Comment 2. The issue of providing EDX mapping results is still open. For rG-V-1 material, the distribution of elements (Figure 3f-h) is still uninformative. It is possible that a longer signal accumulation time is required in the selected area to form an image with a distribution of sulfide particles.

Answer: Thank you for your valuable suggestion. We agree with reviewer. As per the reviewer’s suggestion, we have done EDX mapping analysis for rG-V-1 material and we provide the results as follows in the revised manuscript.

Author Response File: Author Response.docx

Round 3

Reviewer 3 Report

After all accepted corrections, the article "Three-dimensional ternary rGO/VS₂/WS₂ composite hydrogel for supercapacitor applications" can be accepted after minor revision.

1. The SEM image of the area from which the element distribution maps were made should be added (Figure 3 and Figure 4).

Author Response

Reviewer: After all accepted corrections, the article "Three-dimensional ternary rGO/VS₂/WS₂ composite hydrogel for supercapacitor applications" can be accepted after minor revision.

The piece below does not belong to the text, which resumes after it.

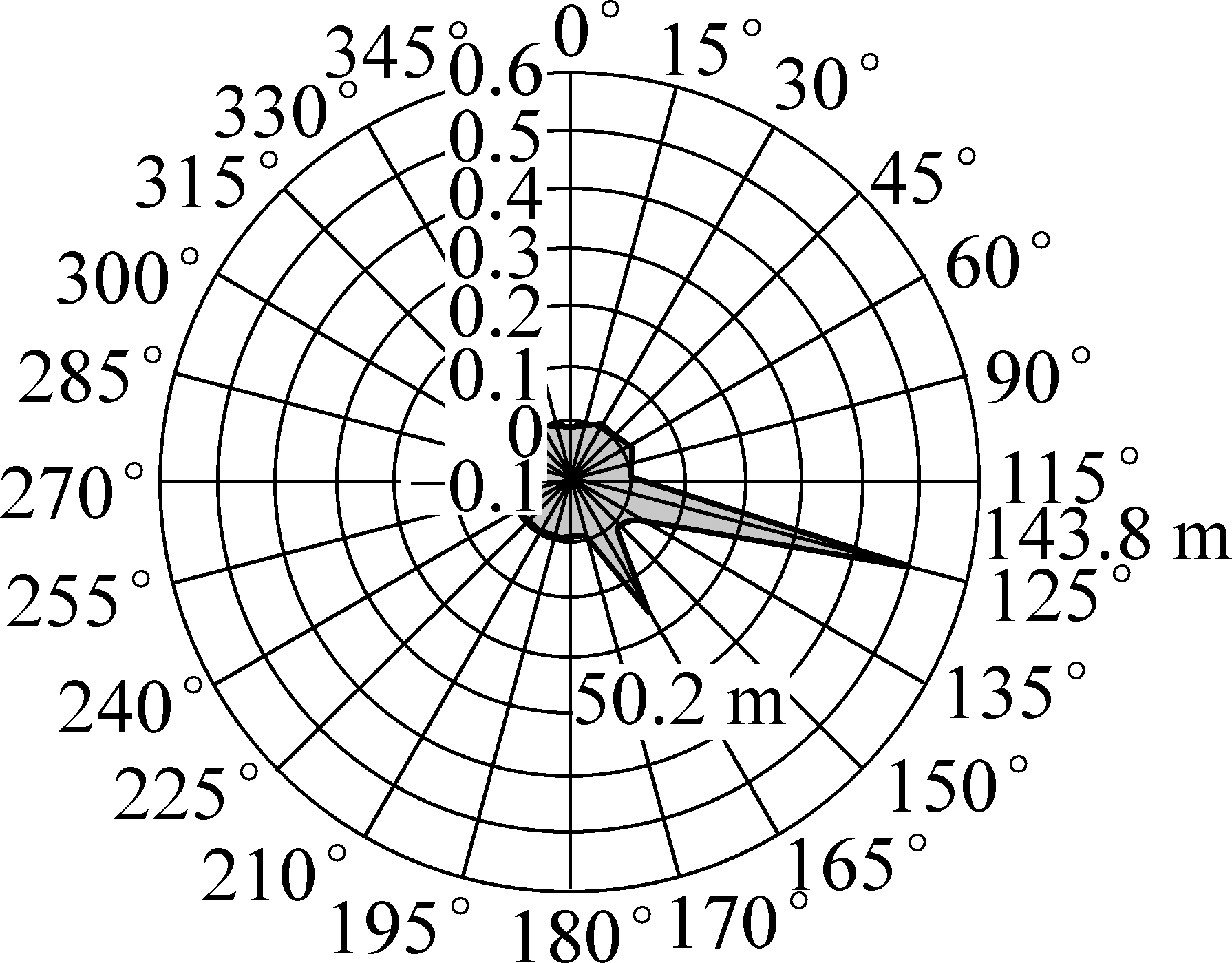 在韩城区块韩3-1-003A向1井应用与金试3向1井相同压裂工艺和施工参数条件,裂缝监测分析显示压裂开始在125°和165°方向形成主裂缝,2条裂缝均为单裂缝;缝长随压裂时间不断增加,在前置液末期时裂缝长度达到最长,经计算长度分别为143.8、50.2 m,随后此主裂缝不再发育。裂缝发育如图6所示。

Authors: This is the happiest news from our respected reviewer. We appreciate the time and effort that the reviewer has dedicated to deal our manuscript. We really appreciate and are thankful for the Reviewer's warm work

Comment 1. The SEM image of the area from which the element distribution maps were made should be added (Figure 3 and Figure 4).

Answer: Thank you so much for your valuable suggestion. According to the reviewer suggestion, we have added the corresponding image in Figure 3d in the revised manuscript. We already provided the corresponding image for Figure 4d in the manuscript.